**RECORDED DATA**.
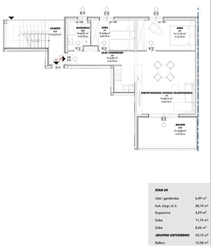 Unutarnja površina stana iznosi 59,72 m2, a natkrivene terase 12,08 m2.
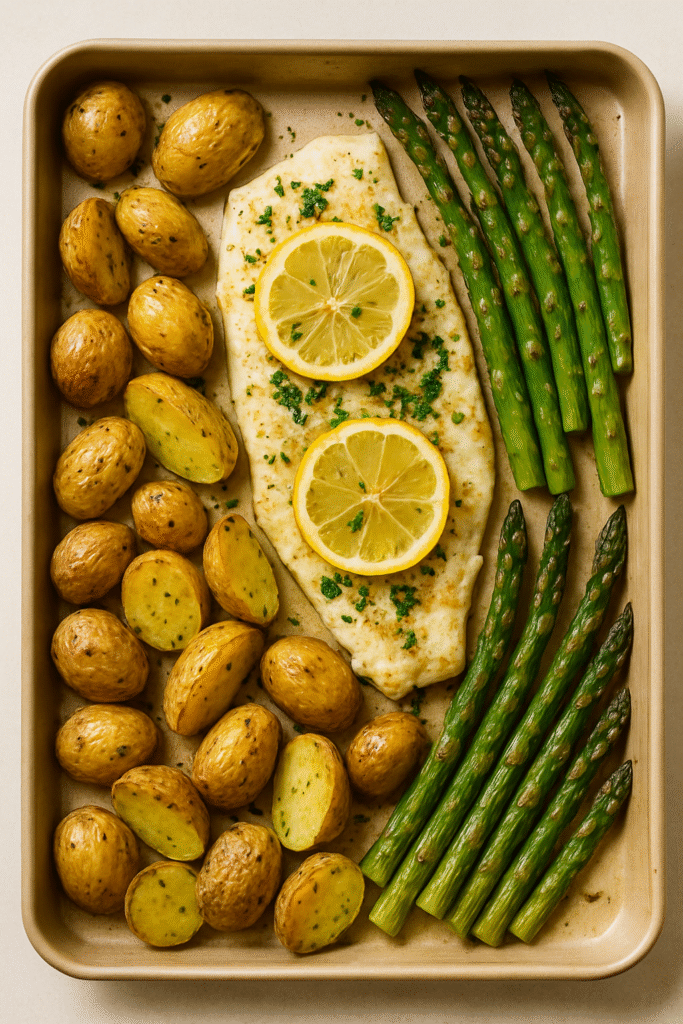 Baked Lemon-Garlic Cod + Herb Potatoes & Asparagus
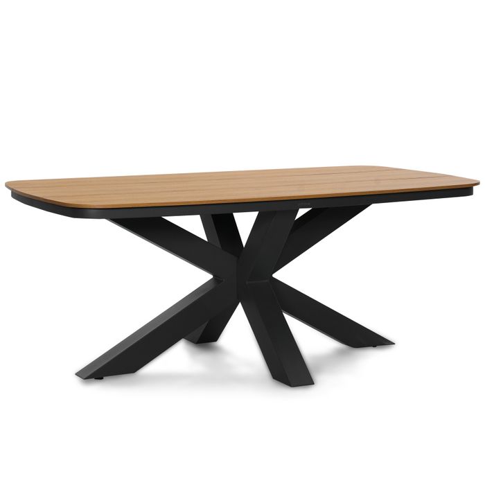 Dankzij het compacte, maar ruime formaat van 180 cm is deze tafel perfect voor middelgrote terrassen. Het karakteristieke kruispoot-onderstel geeft de tafel een stoere uitstraling en maakt hem tot een echte blikvanger in jouw buitenruimte.
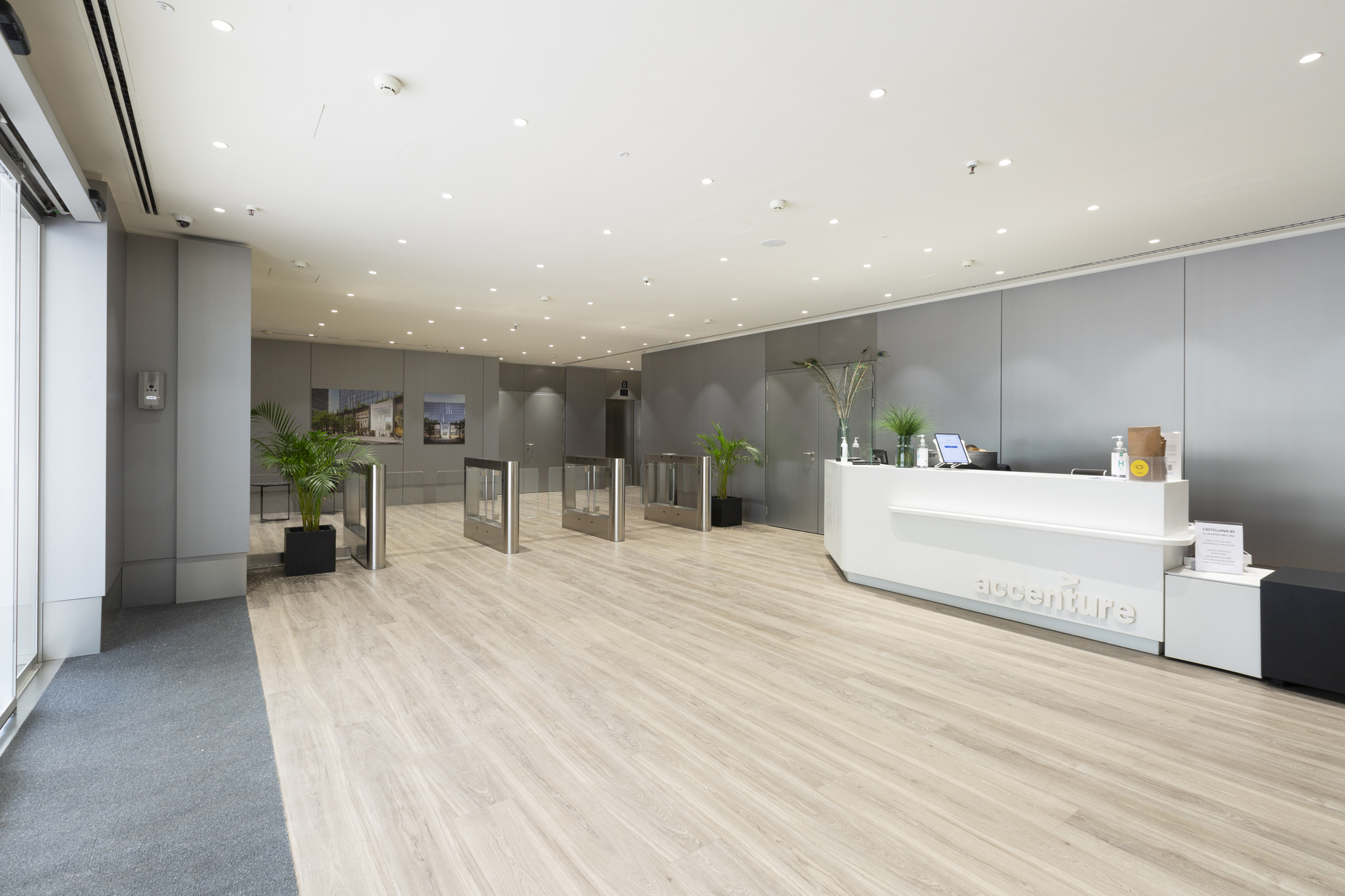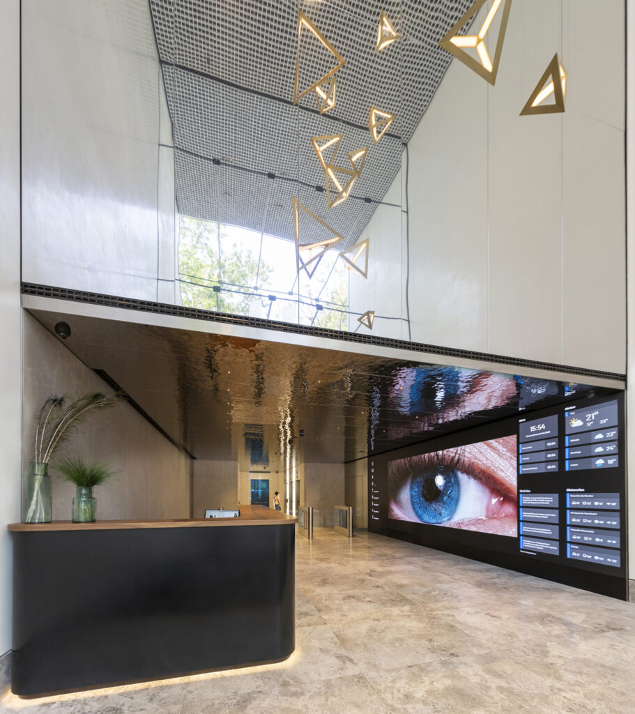 En la primera fase Empty se encargó de la demolición parcial de la fachada existente y de la apertura de grandes huecos de forjado en las plantas primera y segunda, con el objetivo de implementar el refuerzo estructural, necesario para albergar la instalación de la doble piel de fachadas acristaladas en el exterior y en el acceso al edificio. Una vez ejecutada la fase estructural, se realizaron todos los acabados del nuevo vestíbulo, en coordinación con los trabajos de instalaciones.
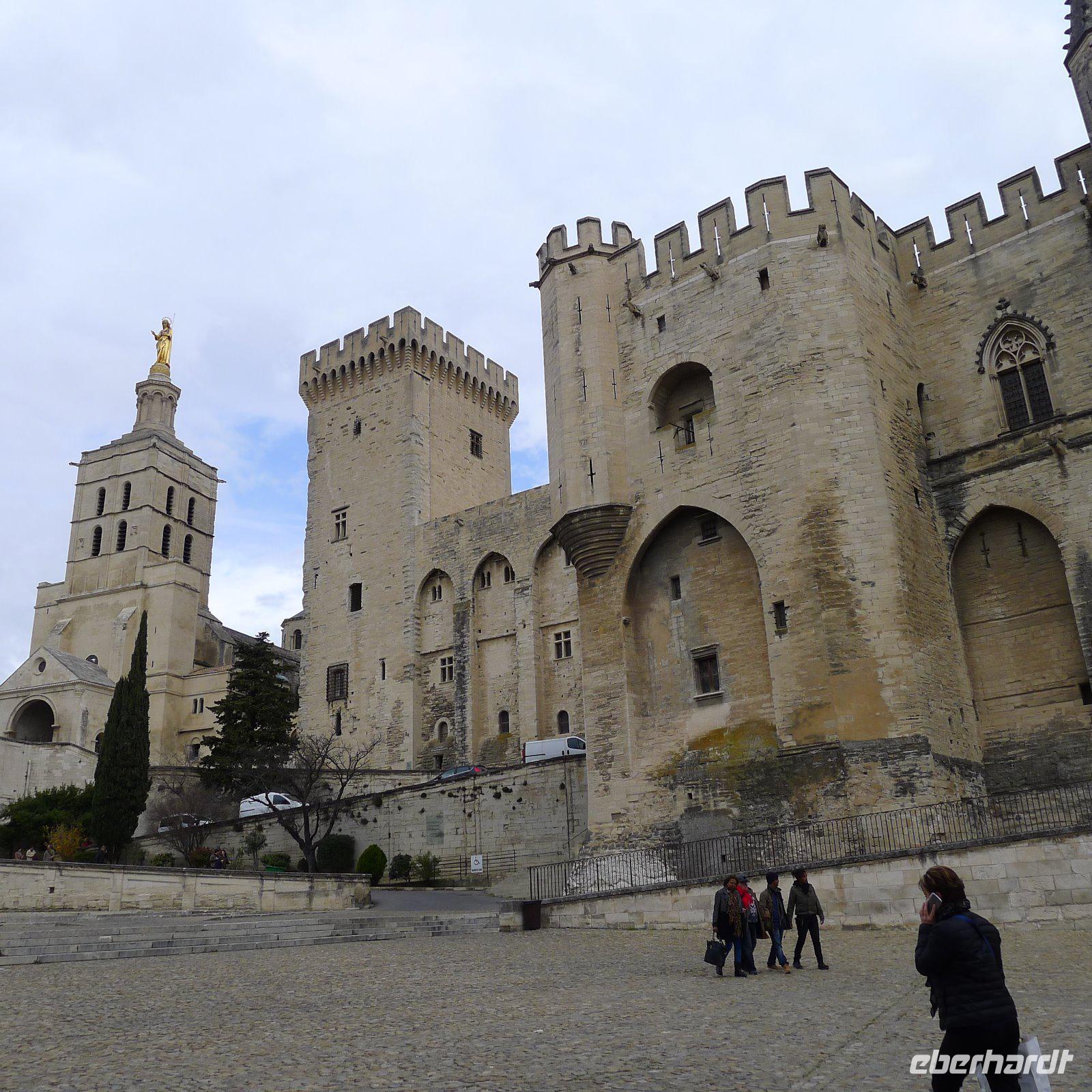 Am Nachmittag erwartete uns Avignon. Wer kennt nicht das Lied ‚Sur le pont d'Avignon.......'. Wir haben es im Bus eifrig geübt bzw. während der Führung gemeinsam gesungen! Überwältigend dann der Anblick der Brücke bei strahlend blauem Himmel und unter der südlichen Sonne. Auch die Temperaturen waren inzwischen deutlich gestiegen. Unsere örtlichen Reiseleiterinnen hatten trotz unserer Verspätung wegen des vielen Verkehrs geduldig auf uns gewartet und führten uns mit viel Herzblut und Charme durch ihr Avignon. Was man in 2 Stunden alles erleben kann.......ob Papstpalast, Aussichtspunkte, alte Stadtmauern, Kirchen.....wir ließen nichts aus und erreichten schließlich müde, aber gut gestimmt, unsere Hotels.
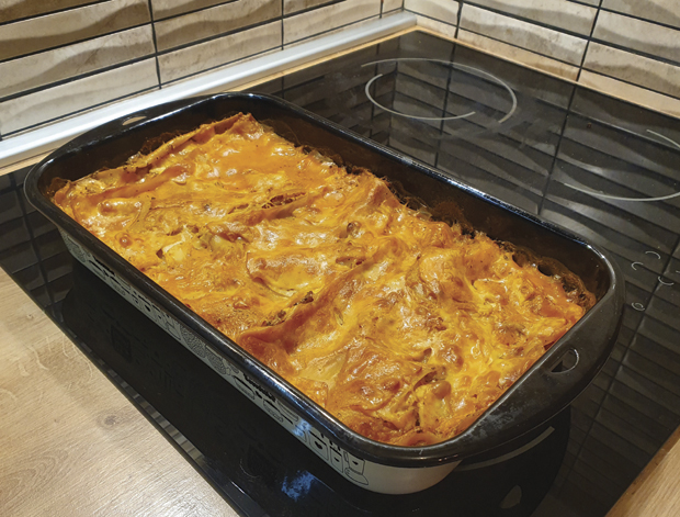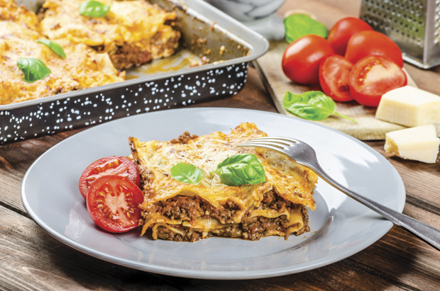 Potrebno je: 500 g kora za lazanje, 500 g mlevenog mesa (najbolje junećeg), glavica manjeg crnog luka, šargarepa, šolja paradajz sosa (po mogućstvu domaćeg), 100 g putera, 2 kašike brašna, 750 ml mleka, 300 g mocarele ili drugog sira koji se topi, kesica parmezana, maslinovo ulje, kašika suvog biljnog začina, so, biber, sveže iseckani peršun

**WHAT YOU NEED TO DO**. In the material above, the stretch from the line with "Baked Lemon-Garlic Cod" through the line with "Dankzij het compacte, maar" is to be given again exactly, minus the pictures.

**SOLVED EXERCISE**.
 Baked Lemon-Garlic Cod + Herb Potatoes & Asparagus
 Dankzij het compacte, maar ruime formaat van 180 cm is deze tafel perfect voor middelgrote terrassen. Het karakteristieke kruispoot-onderstel geeft de tafel een stoere uitstraling en maakt hem tot een echte blikvanger in jouw buitenruimte.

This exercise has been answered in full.